Eric Trump, co-founder of WLFI, has described the Maldives project as the first in a series, telling media outlets it represents “popping the cork” on a new wave of tokenized real estate ventures. The initiative builds on an earlier November 2025 announcement by DarGlobal and The Trump Organization that already billed the project as the world’s first tokenized hotel development.
On the whole, tokenization fundamentally reshapes real estate investment by converting physical property rights into divisible, tradable digital tokens on public blockchains. Investors can purchase fractions of high-value assets, from Dubai apartments to Maldives overwater villas, without the traditional barriers of large minimum commitments, lengthy settlement times, or geographic restrictions.
Benefits extend beyond accessibility. Blockchain records provide immutable transparency, reducing fraud risk and administrative costs. Secondary markets, as now enabled in Dubai’s pilot, promise 24/7 liquidity previously unavailable in illiquid property markets. For developers, tokenization offers new funding channels that can accelerate project timelines and diversify capital sources.

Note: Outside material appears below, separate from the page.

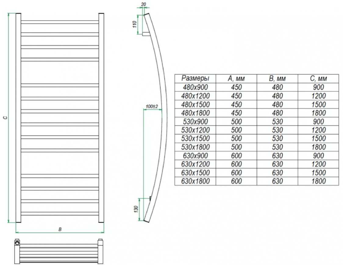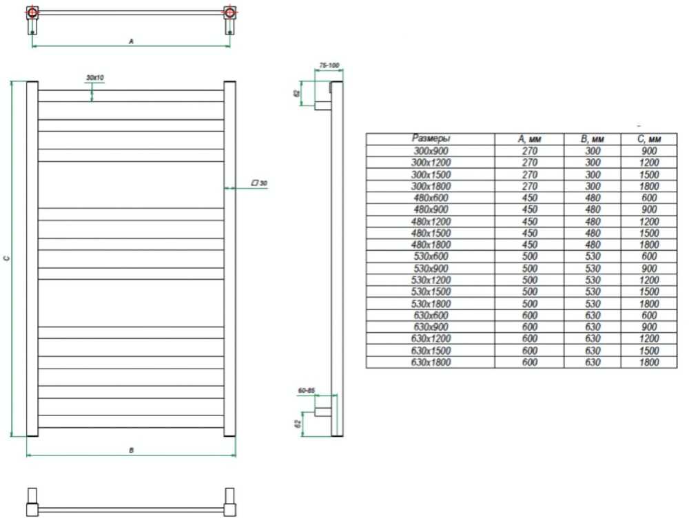 Как грамотно разместить полотенцесушитель на стене, чтобы в него не упиралась стиральная машинка, и трубы не загораживали электрические розетки? Нужно узнать габаритные размеры. Приведём их в формате таблицы:

In Dubai, the integration of tokenized title deeds with the official land registry represents a regulatory milestone, the first time a government real estate authority in the Middle East has implemented public blockchain-based ownership tokens. Ctrl Alt has already tokenized over $850 million in assets across real estate, private credit, and other classes, demonstrating the scalability of the infrastructure.
The Maldives project, while smaller in immediate scale, carries symbolic weight as a Trump-branded venture entering the RWA space. It highlights how even traditional luxury hospitality developers are exploring blockchain to attract a new generation of crypto-native and institutional investors.
Dubai’s Phase Two success and the Maldives resort’s innovative funding structure illustrate two complementary paths: government-led infrastructure building in a mature market, and private-sector experimentation in ultra-luxury development. Together, they reinforce a narrative of blockchain moving from experimental fringe to core component of international real estate finance.
As these projects advance toward full commercialization, they will provide critical real-world data on token performance, investor behavior, and regulatory efficacy.